Language: French (subtitled in English)
Thomas Roche is co-founder and security expert at NinjaLab (ninjalab.io). His research interests lie in all aspects of cryptography with a focus on implementation issues. Thomas hobby these last years: trying to find side-channel vulnerabilities inside the most secure chips available on the market. After his PhD in applied mathematics from Grenoble University and a short postdoc at the university of Paris 8 and Oberthur Technologies (now IDEMIA), Thomas worked 4 years at ANSSI (French Cybersecurity Agency) and 2 years at APPLE prior to founding NinjaLab with Victor Lomné in 2017.
EUCLEAK: Side-Channel Analysis of Infineon Secure Elements, Application to the Yubikey 5 Series
The work presented in this talk reveals a side-channel vulnerability in the cryptographic library of Infineon Technologies, one of the biggest secure element manufacturers. This vulnerability – that went unnoticed for 14 years and about 80 highest-level Common Criteria certification evaluations – is due to a non constant-time modular inversion. Moreover it is shown to be exploitable in practice on a widespread 2FA FIDO security keys: the Yubikey 5 Series. The full technical details of this work were made public on September 3rd 2024 (https://ninjalab.io/eucleak/), we will go over them and what they can tell us about the current state of secure elements and security certifications.
Language: French (subtitled in English)
Bertrand Le Gorgeu is deputy chief of the industry and technology division of ANSSI, the French national cyber agency. Prior to that he was program manager for the Olympics at the agency. For 4 years he coordinated the agency internal and external resources to secure an ecosystem made of over 500 entities. Games time, he was part of the agency strategic operation centre.
Preparing and Conducting a Major Sporting Event from a Cyber Standpoint: ANSSI and the Paris 2024 Olympics
This keynote will focus on ANSSI’s preparation for the Paris 2024 Olympics, covering key milestones since 2018 and the agency's approach to securing such a major event. It will also address how ANSSI has mobilized a diverse ecosystem, including competition venues, event organizers, and private sector actors, to improve cyber maturity and readiness. Finally, the presentation will provide an overview of incidents and events during the Games, sharing important lessons learned to enhance future cybersecurity strategies.

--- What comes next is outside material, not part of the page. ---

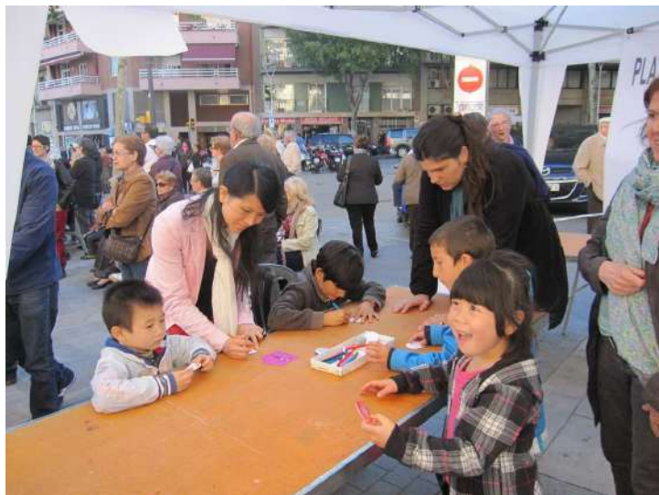
Taller infantil de xapes a la Festa Major de Sagrada Família, 1 de maig de 2012

L' 1 de maig, en el marc de la Festa Major del barri de la Sagrada Família de Barcelona, vam fer diverses activitats al carrer. Parada informativa i de sensibilització, taller infantil de xapes, obra de teatre participatiu a càrrec d'Averlasailas i homenatge a les dones assassinades a càrrec de Dones de Blanc.

Language: French (subtitled in English)
The National Cyber Unit, established in 2023, operates under the Operations/Employment Division of the Gendarmerie. This unit carries out its missions across the entire national territory, focusing on the prevention and suppression of specialized, organized, or transnational forms of cybercrime. It is also responsible for combating the use of electronic communication networks or digital technologies to facilitate criminal activity. The unit oversees, coordinates, and leads the Gendarmerie Nationale's efforts in the fight against cyber threats.
Feedback on Cyber Threats in France: Overview of Cyberattack Threats and Criminal Trends
This presentation will provide the audience with key statistics and an overview of cybercrime, with a particular focus on the domain of cyberattacks. A concrete case study on the Lockbit gang, which was targeted in a major anti-ransomware operation to which the Gendarmerie contributed, will also be discussed. The presentation will conclude with an analysis of emerging trends in the field of cybercrime.